I have been using the inSSIDer app on my new Nexus 7 to see all the wifi channels around me. For some reason I left the tablet off for a period of time (I typically tablet/watch TV at the same time) and the Loses server connection issue never happened. I then turned the nexus 7 on and the issue came back! As soon as I turned the tablet off the issue went away again. Weirdly enough my tablet connects to the 2.4ghz spectrum so I have no idea why this is occurring....

But since the genie go app doesn't work with the new nexus7 anyway...i probably will just go back to using my ipad near the tv. Oh and my tablet is at least 8 feet away from the wvb and the c41w. Weird stuff...

I still don't understand it....but at least I think I have eliminated the issue.


----------



## tpm1999 (Sep 5, 2006)

One last update (I hope). I have turned the 5ghz band off (2.4ghz only mode)for my nexus 7 fhd (new) and the issue is gone and does not occur when using my nexus. This issue is sooo weird. It never happened with my iPhone/iPad (they have 5ghz too...but like the nexus don't use it).

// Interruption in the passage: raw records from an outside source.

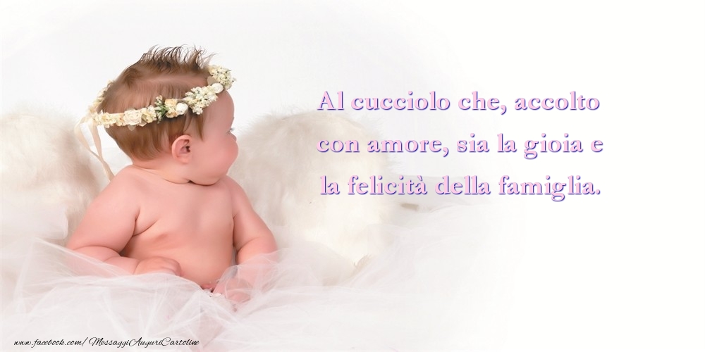 Al cucciolo che, accolto con amore, sia la gioia e la felicità della famiglia.
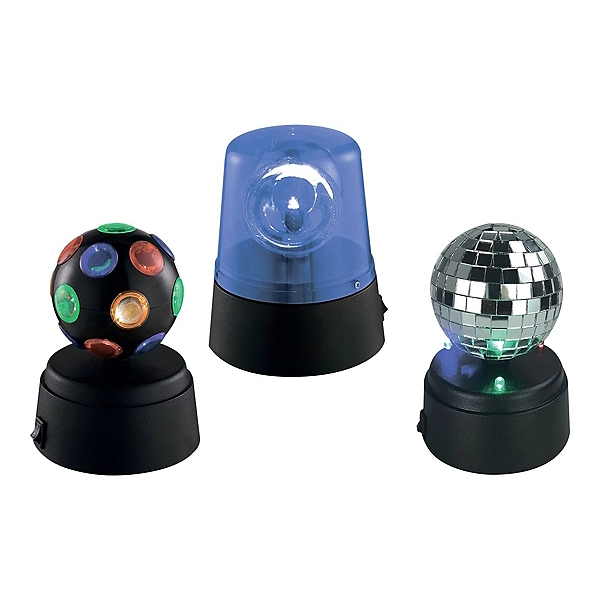 Set d'effets de lumière joyeux pour créer l'ambiance Trois effets offrant des jeux de lumières rotatifs Fonctionnement sur piles
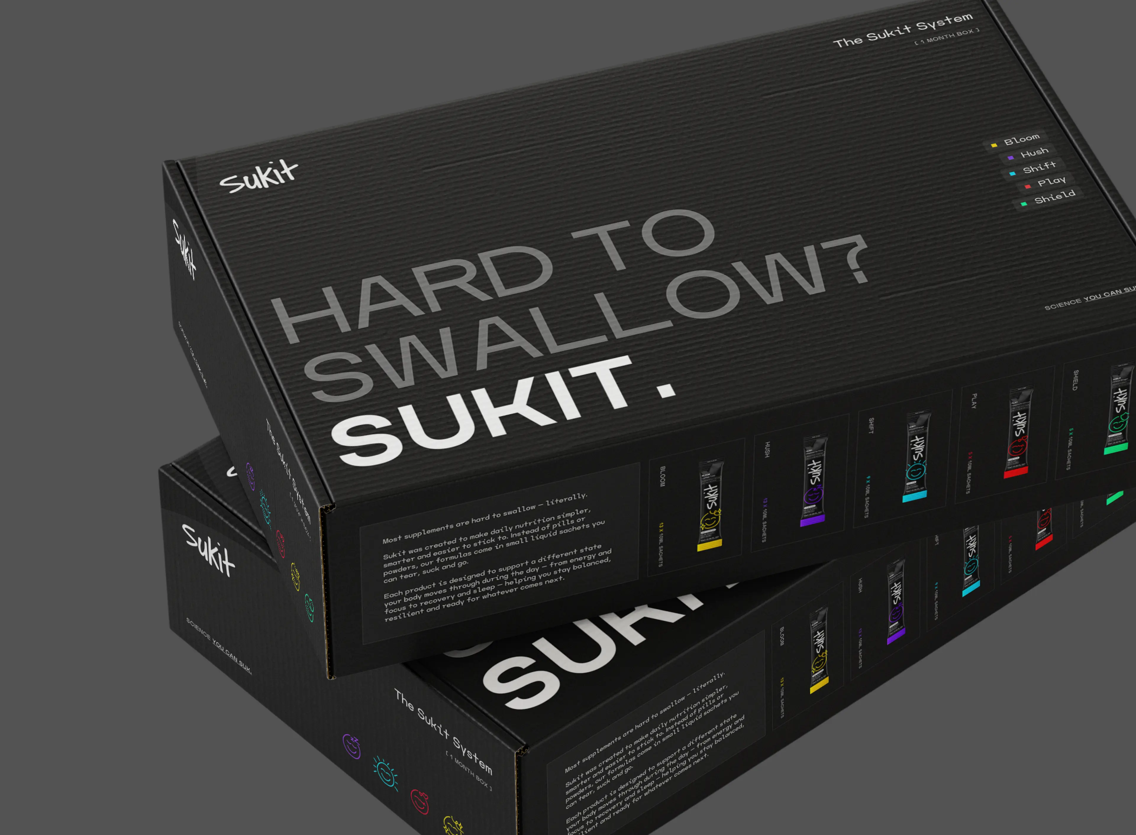 An early-stage consumer supplement brand built around a new product format and a clear point of difference. Backed by a focused founding team, Sukit set out to challenge conventional supplement brands with a more engaging, user-first approach.
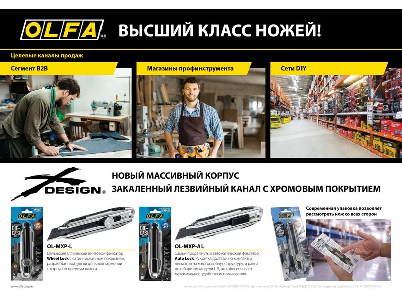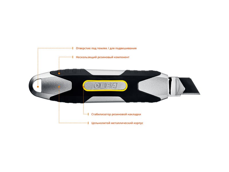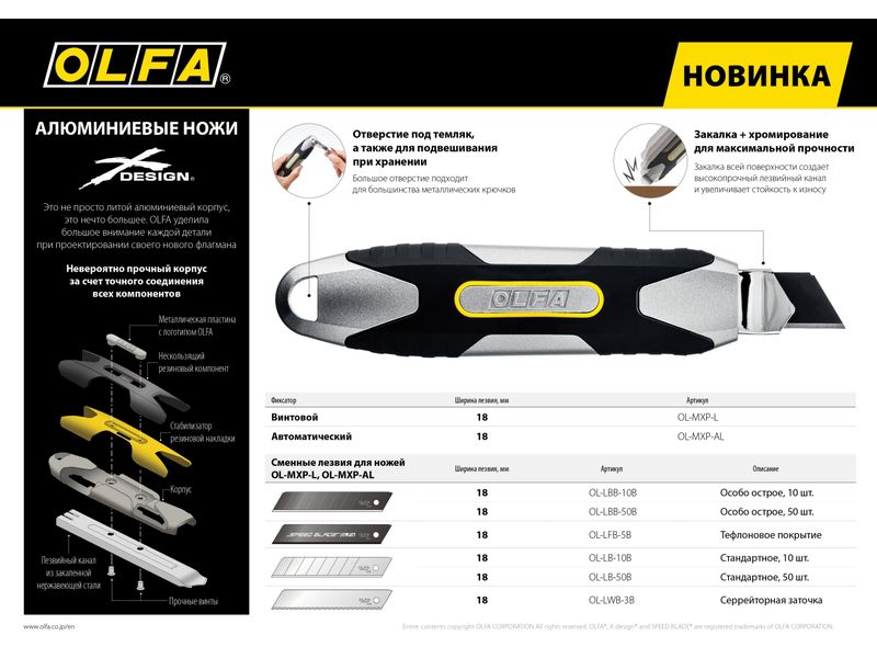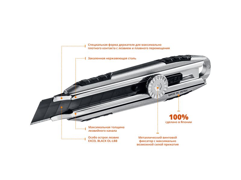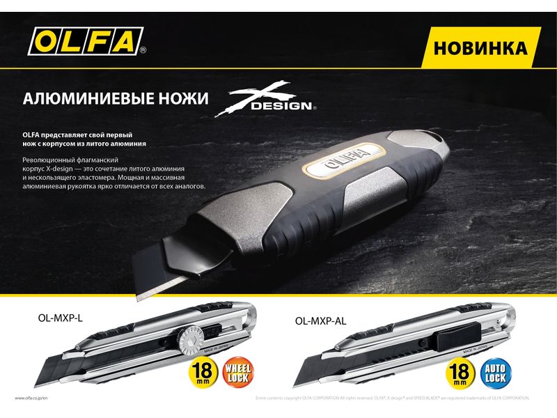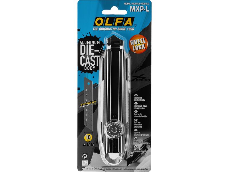 Нож из литого алюминия OLFA MXP-L для точного и уверенного реза. Корпус из нержавеющей стали надежно фиксирует лезвие, обеспечивая исключительную долговечность даже при непрерывном использовании. Ультра-острое черное сегментированное лезвие LBB шириной 18 мм на 25% острее стандартных лезвий OLFA, что делает этот универсальный нож выбором профессионалов.

Oh well. Glad its "fixed".


----------



## RAD (Aug 5, 2002)

BTW, try this link to get to the wireless setup page, http://192.168.X.X/Wireless_Basic.asp of course changing the IP address to what your WVB uses. Looks like a recent software upgrade on the WVB messed up the index page in it so you get the text dump.


----------



## tpm1999 (Sep 5, 2006)

Thanks Rad! I was able to change the channel to a set one now... So at least it will stop jumping around now. Looks like a fairly normal Cisco/linksys router setup page. 

Oh... And the c41w is working great still watching my Badgers steamroll to victory.


----------



## fairwood1 (Dec 11, 2014)

From the Genie WVB installation guide.

Customer Internet Changes/Issues
If a change occurs to the customer’s internet connection, it can impact the
Genie system. Even though the Wireless Video Bridge and C41W clients
operate on a completely separate wireless network from a customer’s Wi-Fi,
the C41Ws are still sharing Internet access over the Wireless Video Bridge,
so changes to network settings affect them. If changes are made to the
customer’s Internet connection, the first step is to restore defaults under
Settings & Help - Settings - Network Setup on the Genie Server, then reset
the Genie Server. Once the Genie Server has fully restarted and is operating
normally, power-cycle the Wireless Video Bridge (wait for the WVB to show a
solid blue LED). On the Genie Server, perform a Repeat Network Setup. Once
a code 88 is seen, power-cycle all wired clients.
There is a one to two minute period after reset where the system is stabilizing.
Full functionality will not be immediately available after reset, and technicians
should give the system this time to recover before beginning troubleshooting.


----------



## adamson (Nov 9, 2007)

I'm sure most if not all of us with the wireless clients are aware of how it works. This is not new info.


----------